[Dataset excerpts]
━━━━

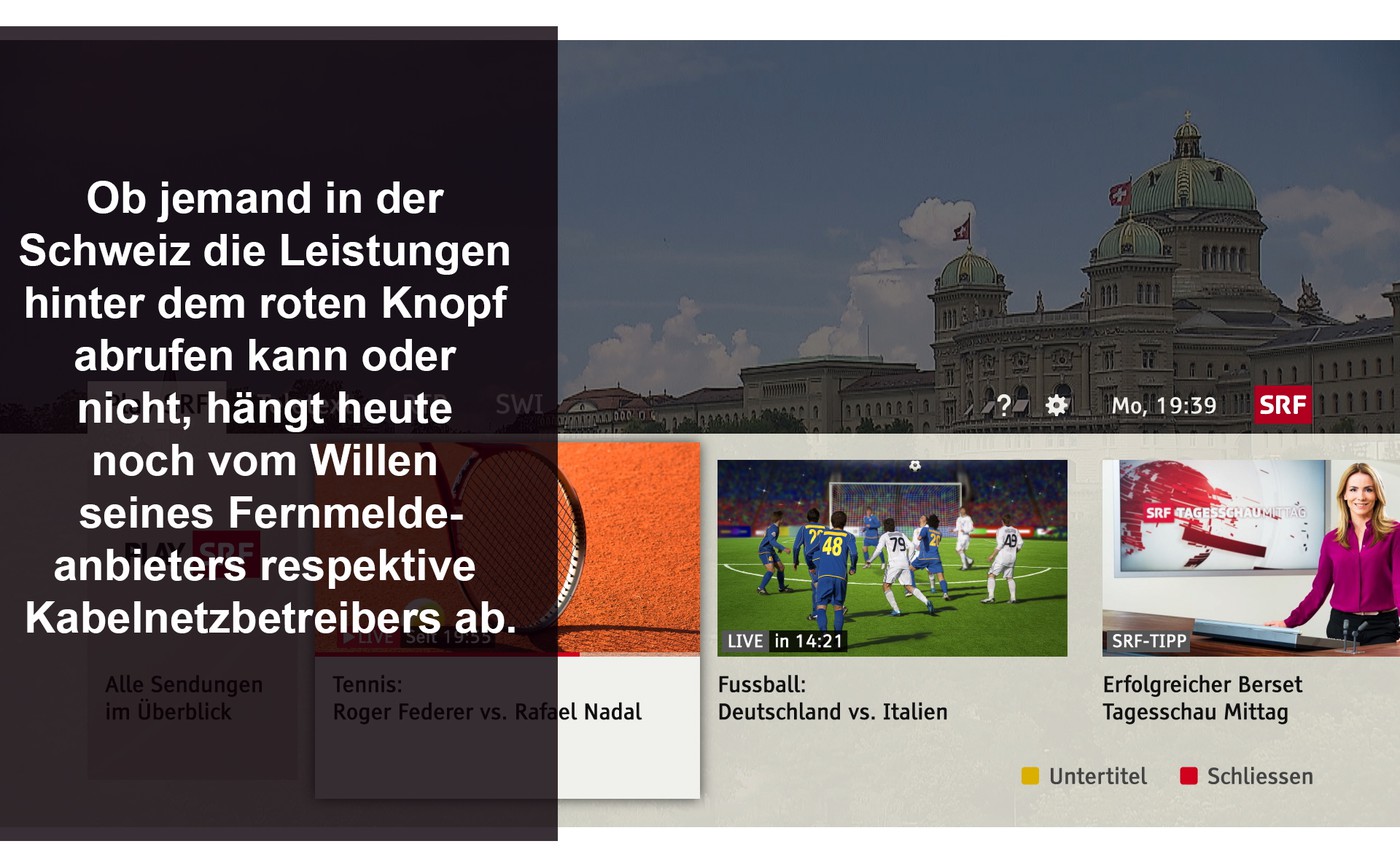 Der rote Knopf öffnet eine Pforte, die bislang nicht vorhanden war, weil es hinter der Sendung nichts zu sehen oder hören gab. Und für Menschen mit einer Sinnesbehinderung öffnet sich mit ihm eine Barriere. Es gibt ihn heute auf praktisch jeder Fernbedienung eines Geräts der jüngeren Generation. Aber nicht jeder rote Knopf führt zum Ziel; noch nicht. Die Sache ist politisch und einigermassen komplex. Es ist nämlich so, dass SRF (ebenso wie die meisten öffentlich-rechtlichen und viele private Sender in Deutschland, Frankreich und anderen europäischen Ländern) die Inhalte fürs intelligente Hybrid-TV zwar erstellt und liefert – diese aber nicht zu jedem Nutzer durchkommen. Ob jemand in der Schweiz die Leistungen hinter dem roten Knopf abrufen kann oder nicht, hängt heute noch vom Willen seines Fernmeldeanbieters respektive Kabelnetzbetreibers ab, denn eine rechtliche Regelung gibt es noch nicht. So kommen beispielsweise Sunrise-Kunden noch nicht in den Genuss von HbbTV, jene von Swisscom seit einem Jahr hingegen schon, jedenfalls mit den neueren Boxen der TV-2.0-Generation, sagt Martin Spycher.
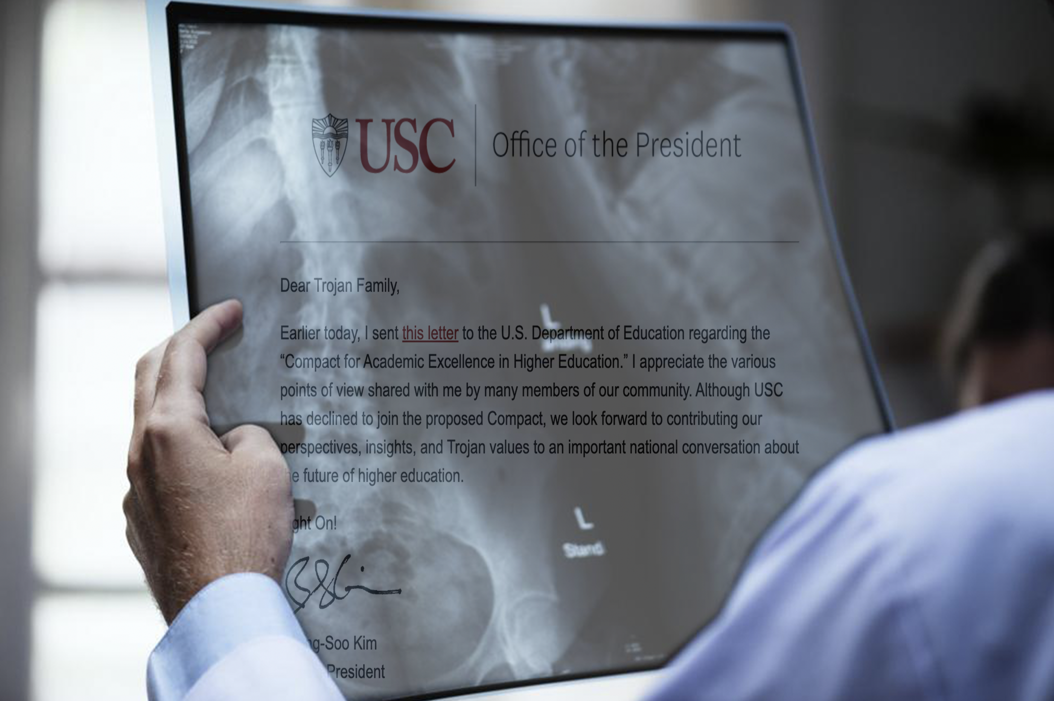 LOS ANGELES, CA – Ferrel Kolt, M.D., Beong Soo Kim’s primary care physician, just made a groundbreaking discovery: despite the Interim University President doing literally anything besides hiring a PR agent and saying “free speech is good, actually,” recent behavior shows that he may in fact have a functioning spinal cord.
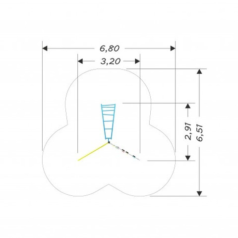 Palestra Per Arrampicata Per BambiniN.B. Tutte le attrezzature sono progettate e realizzate in conformità alle specifiche normative di sicurezza UNI EN 1176 - UNI EN 1177L'attrezzo è costituito da1 montante centrale in acciaio profilo 80x80 mm, zincato e verniciato a polveri; viti e dadi nascosti da cappucci colorati in plastica;2 pannelli d’arrampicata con prese;1 rete in corda;1 scala curva in acciaio zincato e verniciato. DATI DIMENSIONALI:Altezza totale: cm 194Altezza di caduta: cm 180Area d’ingombro: cm 350 x 311Spazio minimo: cm 690 x 651 x 344 h Area d’impatto: mq 30 Età d’uso consigliata: 3/14 anniGioco certificato EN1176-2008
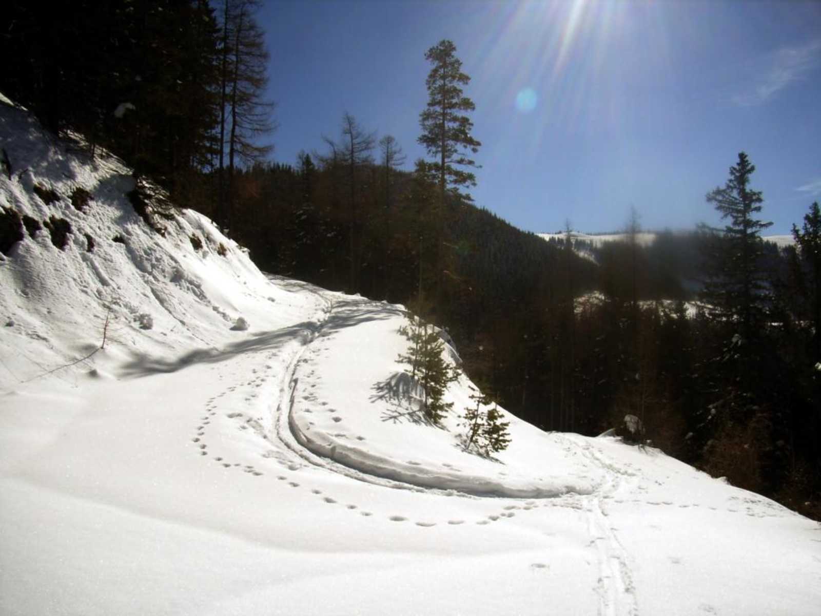 Finale Abfahrt wieder Richtung Süden über den Gipfelhang bis zu der Bergrettungshütte. Hier der Piste folgen bis zur Forststraße und diese immer entlang bis zum Ende bei einem Wohnhaus nahe der Kirche. Ab hier die Ski tragend ca. 600 m zurück zum Auto.
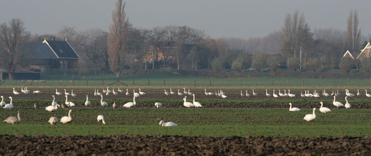 Het aantal kleine zwanen in de Benthuizer Noordpolder groeit nog steeds! Vanmorgen zaten er 305, waarvan 62 juveniele vogels, maar liefst 20%! Al eerder meende ik dit jaar veel kleine kleintjes te zien. Overigens zullen ze volgens mij niet zo lang meer in de BNP verblijven. Er lijkt mij namelijk niet zo veel voedsel. Misschien dat er nog een beetje bietenresten liggen, en verder moeten ze het doen met prille scheuten van akkerbouwproducten: wel lekker maar het schiet niet erg op. Bovendien moeten ze het schaarse voedsel delen met honderden ganzen:

━━━━

What this task involves ▸ Print each entry above verbatim, pictures left out.

Task answer ▸
 Der rote Knopf öffnet eine Pforte, die bislang nicht vorhanden war, weil es hinter der Sendung nichts zu sehen oder hören gab. Und für Menschen mit einer Sinnesbehinderung öffnet sich mit ihm eine Barriere. Es gibt ihn heute auf praktisch jeder Fernbedienung eines Geräts der jüngeren Generation. Aber nicht jeder rote Knopf führt zum Ziel; noch nicht. Die Sache ist politisch und einigermassen komplex. Es ist nämlich so, dass SRF (ebenso wie die meisten öffentlich-rechtlichen und viele private Sender in Deutschland, Frankreich und anderen europäischen Ländern) die Inhalte fürs intelligente Hybrid-TV zwar erstellt und liefert – diese aber nicht zu jedem Nutzer durchkommen. Ob jemand in der Schweiz die Leistungen hinter dem roten Knopf abrufen kann oder nicht, hängt heute noch vom Willen seines Fernmeldeanbieters respektive Kabelnetzbetreibers ab, denn eine rechtliche Regelung gibt es noch nicht. So kommen beispielsweise Sunrise-Kunden noch nicht in den Genuss von HbbTV, jene von Swisscom seit einem Jahr hingegen schon, jedenfalls mit den neueren Boxen der TV-2.0-Generation, sagt Martin Spycher.
 LOS ANGELES, CA – Ferrel Kolt, M.D., Beong Soo Kim’s primary care physician, just made a groundbreaking discovery: despite the Interim University President doing literally anything besides hiring a PR agent and saying “free speech is good, actually,” recent behavior shows that he may in fact have a functioning spinal cord.
 Palestra Per Arrampicata Per BambiniN.B. Tutte le attrezzature sono progettate e realizzate in conformità alle specifiche normative di sicurezza UNI EN 1176 - UNI EN 1177L'attrezzo è costituito da1 montante centrale in acciaio profilo 80x80 mm, zincato e verniciato a polveri; viti e dadi nascosti da cappucci colorati in plastica;2 pannelli d’arrampicata con prese;1 rete in corda;1 scala curva in acciaio zincato e verniciato. DATI DIMENSIONALI:Altezza totale: cm 194Altezza di caduta: cm 180Area d’ingombro: cm 350 x 311Spazio minimo: cm 690 x 651 x 344 h Area d’impatto: mq 30 Età d’uso consigliata: 3/14 anniGioco certificato EN1176-2008
 Finale Abfahrt wieder Richtung Süden über den Gipfelhang bis zu der Bergrettungshütte. Hier der Piste folgen bis zur Forststraße und diese immer entlang bis zum Ende bei einem Wohnhaus nahe der Kirche. Ab hier die Ski tragend ca. 600 m zurück zum Auto.
 Het aantal kleine zwanen in de Benthuizer Noordpolder groeit nog steeds! Vanmorgen zaten er 305, waarvan 62 juveniele vogels, maar liefst 20%! Al eerder meende ik dit jaar veel kleine kleintjes te zien. Overigens zullen ze volgens mij niet zo lang meer in de BNP verblijven. Er lijkt mij namelijk niet zo veel voedsel. Misschien dat er nog een beetje bietenresten liggen, en verder moeten ze het doen met prille scheuten van akkerbouwproducten: wel lekker maar het schiet niet erg op. Bovendien moeten ze het schaarse voedsel delen met honderden ganzen:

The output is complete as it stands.